#### Dataset records

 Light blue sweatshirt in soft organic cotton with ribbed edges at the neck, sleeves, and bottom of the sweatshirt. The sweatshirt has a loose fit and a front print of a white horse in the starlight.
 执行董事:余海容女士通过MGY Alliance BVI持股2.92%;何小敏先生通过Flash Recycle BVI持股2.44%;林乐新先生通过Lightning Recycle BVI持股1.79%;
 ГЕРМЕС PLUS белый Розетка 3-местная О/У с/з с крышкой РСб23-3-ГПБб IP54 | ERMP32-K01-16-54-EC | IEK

---

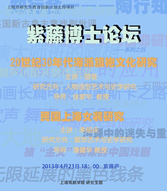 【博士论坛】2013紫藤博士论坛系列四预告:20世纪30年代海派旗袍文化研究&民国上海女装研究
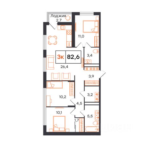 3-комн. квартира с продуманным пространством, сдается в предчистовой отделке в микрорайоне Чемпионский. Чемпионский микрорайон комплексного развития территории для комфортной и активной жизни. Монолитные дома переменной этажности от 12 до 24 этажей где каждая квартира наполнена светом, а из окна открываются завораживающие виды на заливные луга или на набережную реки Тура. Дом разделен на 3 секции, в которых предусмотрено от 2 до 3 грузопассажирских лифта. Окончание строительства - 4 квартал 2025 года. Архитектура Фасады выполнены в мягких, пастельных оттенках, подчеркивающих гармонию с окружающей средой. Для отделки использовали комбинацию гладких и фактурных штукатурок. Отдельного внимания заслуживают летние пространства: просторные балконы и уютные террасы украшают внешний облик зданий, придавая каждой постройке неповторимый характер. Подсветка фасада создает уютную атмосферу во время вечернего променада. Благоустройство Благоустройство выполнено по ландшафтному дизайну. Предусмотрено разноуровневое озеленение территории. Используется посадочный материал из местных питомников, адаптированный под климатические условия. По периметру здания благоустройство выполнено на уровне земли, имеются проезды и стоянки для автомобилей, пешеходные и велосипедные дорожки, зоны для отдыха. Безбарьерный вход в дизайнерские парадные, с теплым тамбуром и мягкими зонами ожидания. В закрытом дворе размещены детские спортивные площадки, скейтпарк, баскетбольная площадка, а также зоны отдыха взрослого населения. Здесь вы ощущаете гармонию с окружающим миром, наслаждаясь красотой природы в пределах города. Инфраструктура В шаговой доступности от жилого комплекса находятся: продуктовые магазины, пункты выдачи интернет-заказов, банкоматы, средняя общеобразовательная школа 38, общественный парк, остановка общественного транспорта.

#### Work to be completed
All that belongs in the answer is the run of lines above from the line containing "Light blue sweatshirt" through the line containing "ГЕРМЕС PLUS белый", exactly as written.

#### Completed exercise
 Light blue sweatshirt in soft organic cotton with ribbed edges at the neck, sleeves, and bottom of the sweatshirt. The sweatshirt has a loose fit and a front print of a white horse in the starlight.
 执行董事:余海容女士通过MGY Alliance BVI持股2.92%;何小敏先生通过Flash Recycle BVI持股2.44%;林乐新先生通过Lightning Recycle BVI持股1.79%;
 ГЕРМЕС PLUS белый Розетка 3-местная О/У с/з с крышкой РСб23-3-ГПБб IP54 | ERMP32-K01-16-54-EC | IEK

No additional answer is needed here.